── SOURCE RECORDS ──

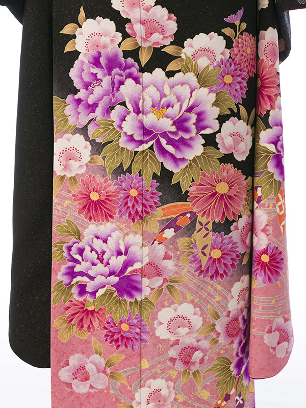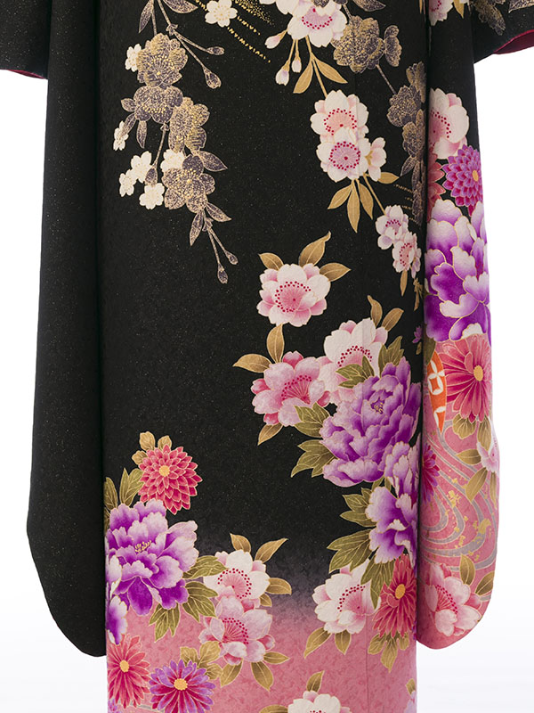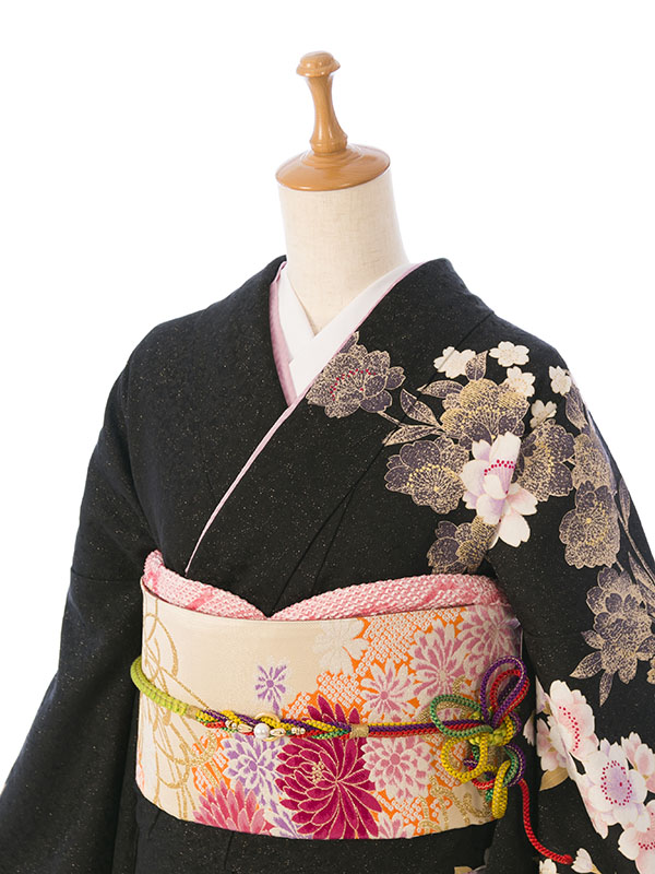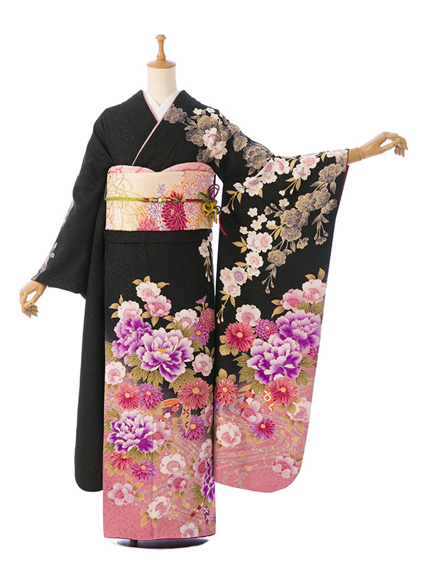 振袖|黒系|桜 牡丹 |6S357|対応身長:155-165cm|サイズ:7号-13号
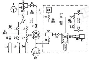 28,29,30,32,33,36, 37,閥門;7. 磁懸浮轉(zhuǎn)子規(guī)(SRG);9. 針閥;12. 壓力表;18,19,20氣瓶;21 角閥;22分子泵;23.機械泵;24 穩(wěn)壓室;31,34小孔;35 油處理器;38.波紋管;39.油室;40.活塞;41. 電機。
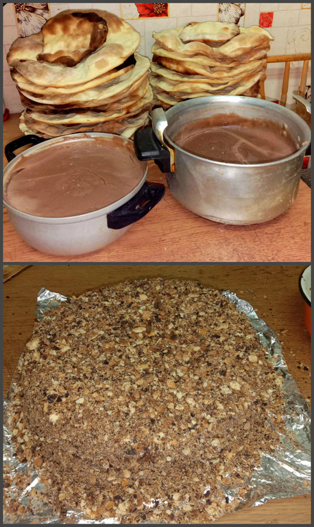 Ну, строго говоря, это не один, а два торта, наверху на фото. Просто второй торт не сфоткала. Пекла их и для дома, и для свекров - где мы собирались встречать Новый год)))
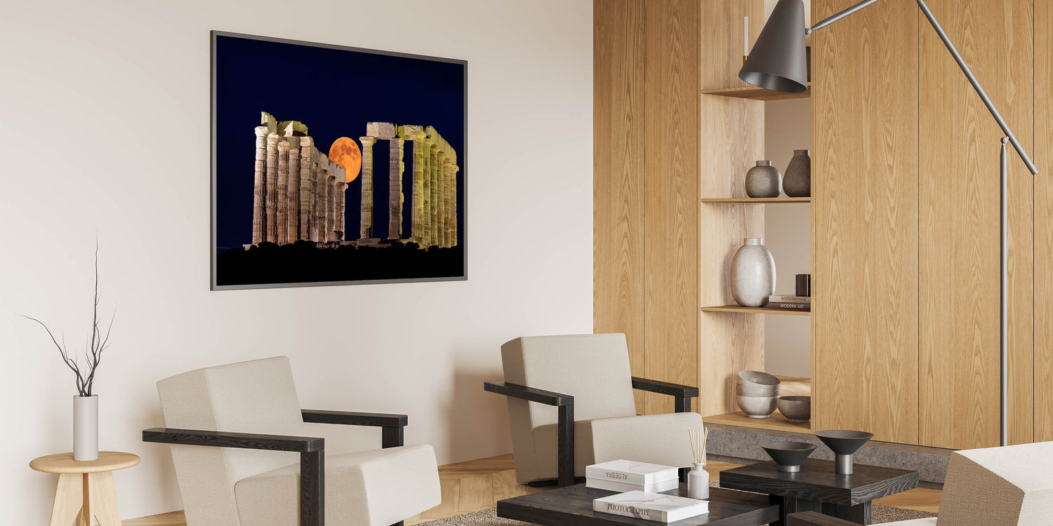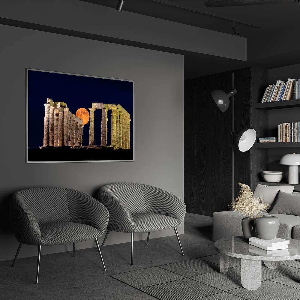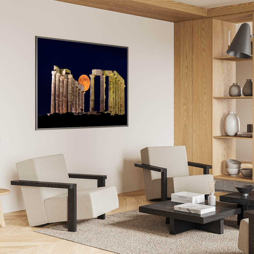 Capture the awe-inspiring beauty of ancient Greece with this Athens Wall Art featuring the illuminated Temple of Poseidon under a glowing full moon. This majestic artwork from the Athens Wall Art Collection adds a dramatic yet serene touch to any space, showcasing the mystical allure of one of Greece's most iconic landmarks.
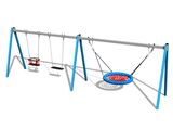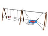 The swing is hung on a metal girder using galvanized chains. The "Bird's Nest" seat is made from polypropylene rope with heavy duty fibres. The hanging ropes are made using HERKULES material (16 mm thick ropes made from polypropylene with a steel internal core). The Normal seat is made of aluminum, covered with a soft and comfortable rubber. The Baby seat baby is made of rubber and is reinforced with an aluminum insert. All fastening material is galvanized or stainless steel.
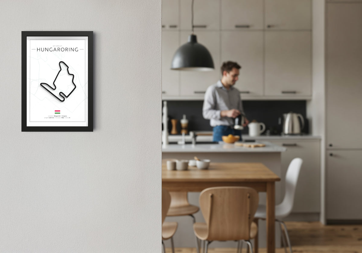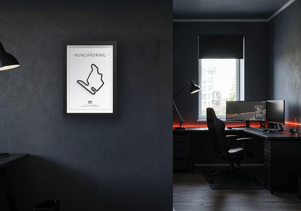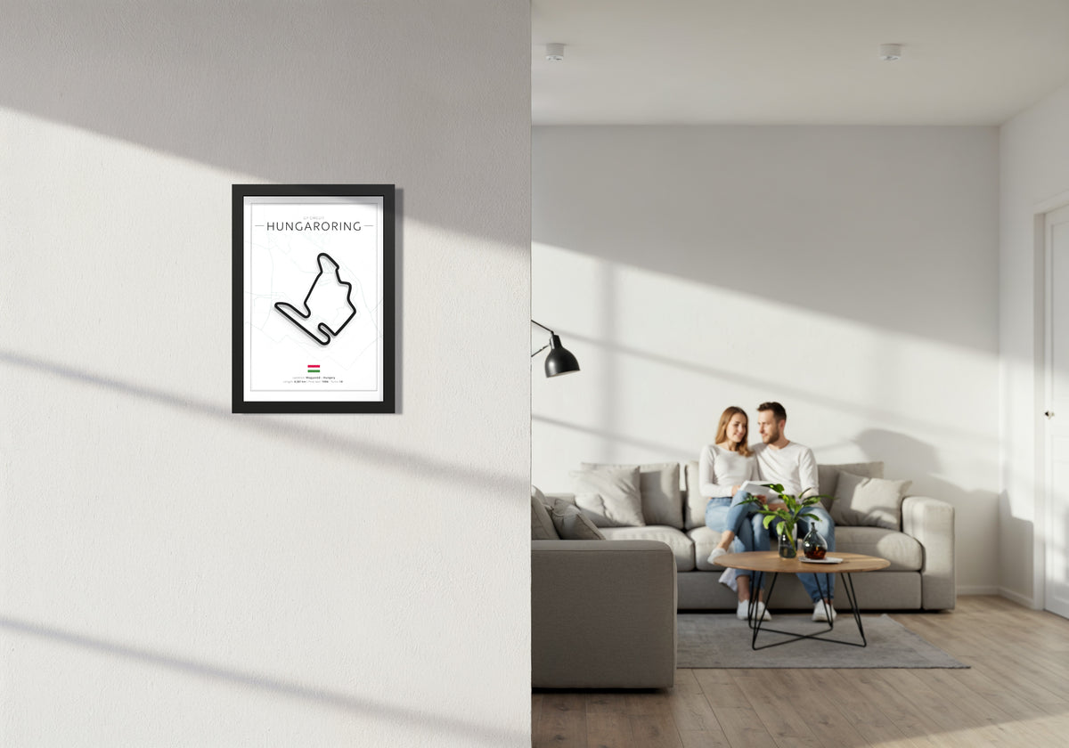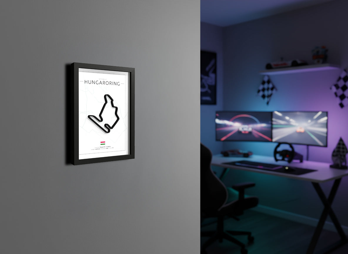 Hungary’s Hungaroring is known for its tight corners, technical layout and limited overtaking opportunities. This 3D printed artwork captures the full circuit with a warm oak colored frame for a refined motorsport look.
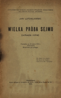 | Lutosławski, Jan (1875-1950), 1919, Uchwała rolna Sejmu : jej znaczenie i krytyka | 25 cze 2015 |
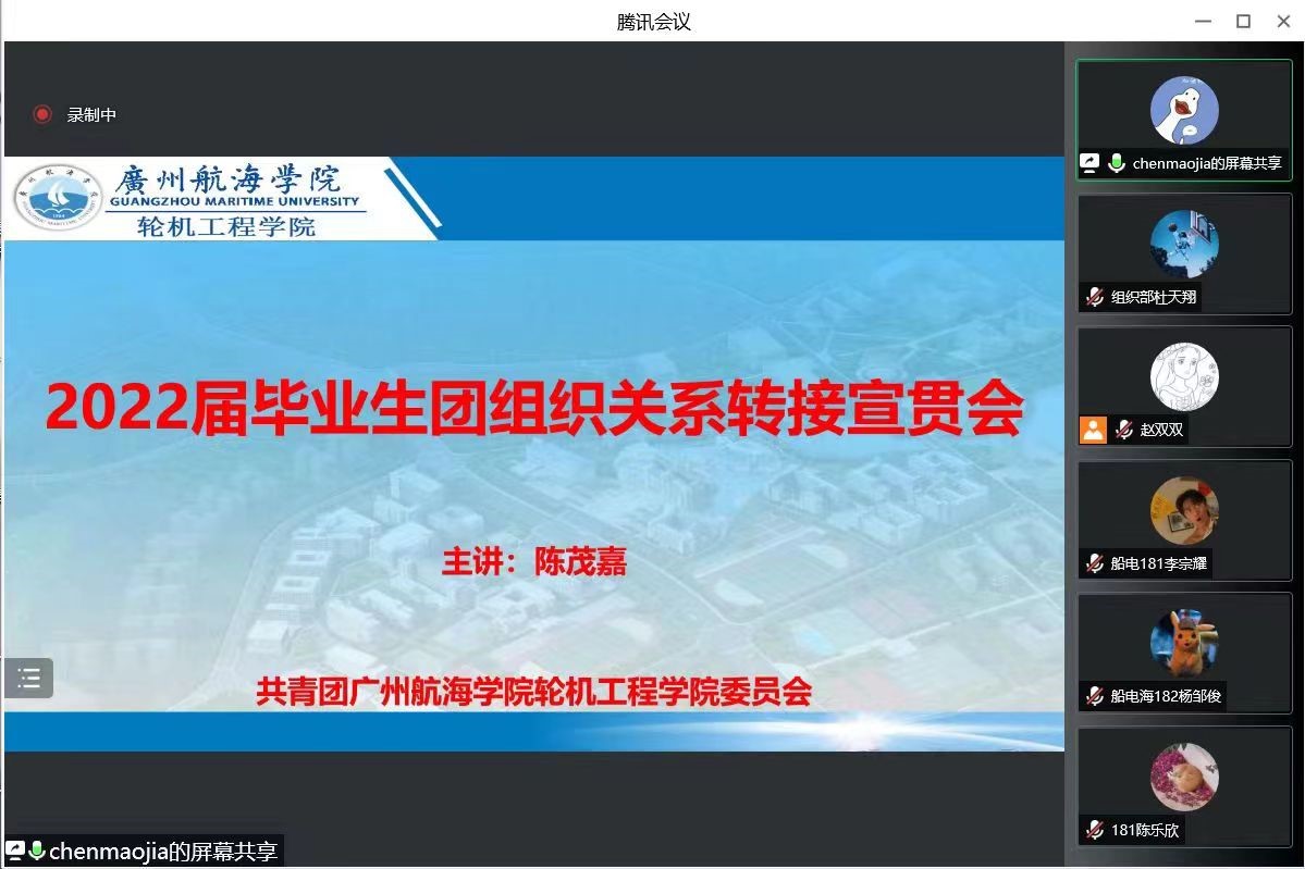 (轮机工程学院供稿)为贯彻落实校团委关于毕业生团组织关系转接工作的相关要求,做好今年共青团学社衔接工作,5月30日晚,轮机工程学院分团委通过腾讯会议召开了2022届毕业生团组织关系转接宣贯会。会议由2018级中队长赵双双老师主持,学院团委书记陈茂嘉老师主讲,全体2018级毕业生团员参加了本次会议。
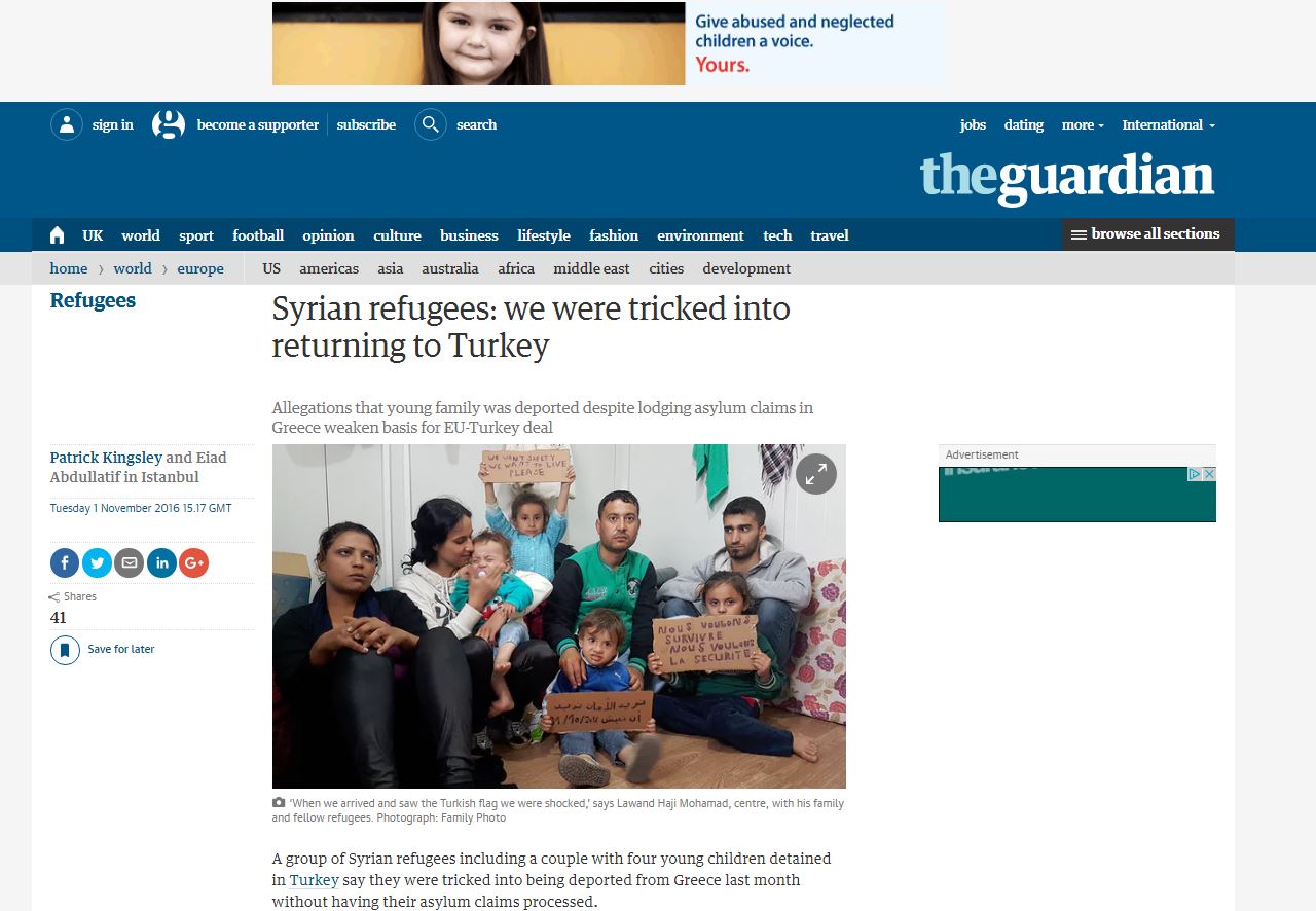 Ομάδα Σύρων προσφύγων – μεταξύ των οποίων και μία οικογένεια με 4 παιδιά – κατήγγειλαν στη βρετανική εφημερίδα, «Guardian» ότι ξεγελάστηκαν στην Ελλάδα και απελάθηκαν στην Τουρκία πριν καν εξεταστεί το αίτημα τους για άσυλο.

───

▸ **DIRECTIONS**: You are asked to reproduce each line above exactly, but to exclude the pictures.

▸ **ANSWER BOX**:
 振袖|黒系|桜 牡丹 |6S357|対応身長:155-165cm|サイズ:7号-13号
 28,29,30,32,33,36, 37,閥門;7. 磁懸浮轉(zhuǎn)子規(guī)(SRG);9. 針閥;12. 壓力表;18,19,20氣瓶;21 角閥;22分子泵;23.機械泵;24 穩(wěn)壓室;31,34小孔;35 油處理器;38.波紋管;39.油室;40.活塞;41. 電機。
 Ну, строго говоря, это не один, а два торта, наверху на фото. Просто второй торт не сфоткала. Пекла их и для дома, и для свекров - где мы собирались встречать Новый год)))
 Capture the awe-inspiring beauty of ancient Greece with this Athens Wall Art featuring the illuminated Temple of Poseidon under a glowing full moon. This majestic artwork from the Athens Wall Art Collection adds a dramatic yet serene touch to any space, showcasing the mystical allure of one of Greece's most iconic landmarks.
 The swing is hung on a metal girder using galvanized chains. The "Bird's Nest" seat is made from polypropylene rope with heavy duty fibres. The hanging ropes are made using HERKULES material (16 mm thick ropes made from polypropylene with a steel internal core). The Normal seat is made of aluminum, covered with a soft and comfortable rubber. The Baby seat baby is made of rubber and is reinforced with an aluminum insert. All fastening material is galvanized or stainless steel.
 Hungary’s Hungaroring is known for its tight corners, technical layout and limited overtaking opportunities. This 3D printed artwork captures the full circuit with a warm oak colored frame for a refined motorsport look.
 | Lutosławski, Jan (1875-1950), 1919, Uchwała rolna Sejmu : jej znaczenie i krytyka | 25 cze 2015 |
 (轮机工程学院供稿)为贯彻落实校团委关于毕业生团组织关系转接工作的相关要求,做好今年共青团学社衔接工作,5月30日晚,轮机工程学院分团委通过腾讯会议召开了2022届毕业生团组织关系转接宣贯会。会议由2018级中队长赵双双老师主持,学院团委书记陈茂嘉老师主讲,全体2018级毕业生团员参加了本次会议。
 Ομάδα Σύρων προσφύγων – μεταξύ των οποίων και μία οικογένεια με 4 παιδιά – κατήγγειλαν στη βρετανική εφημερίδα, «Guardian» ότι ξεγελάστηκαν στην Ελλάδα και απελάθηκαν στην Τουρκία πριν καν εξεταστεί το αίτημα τους για άσυλο.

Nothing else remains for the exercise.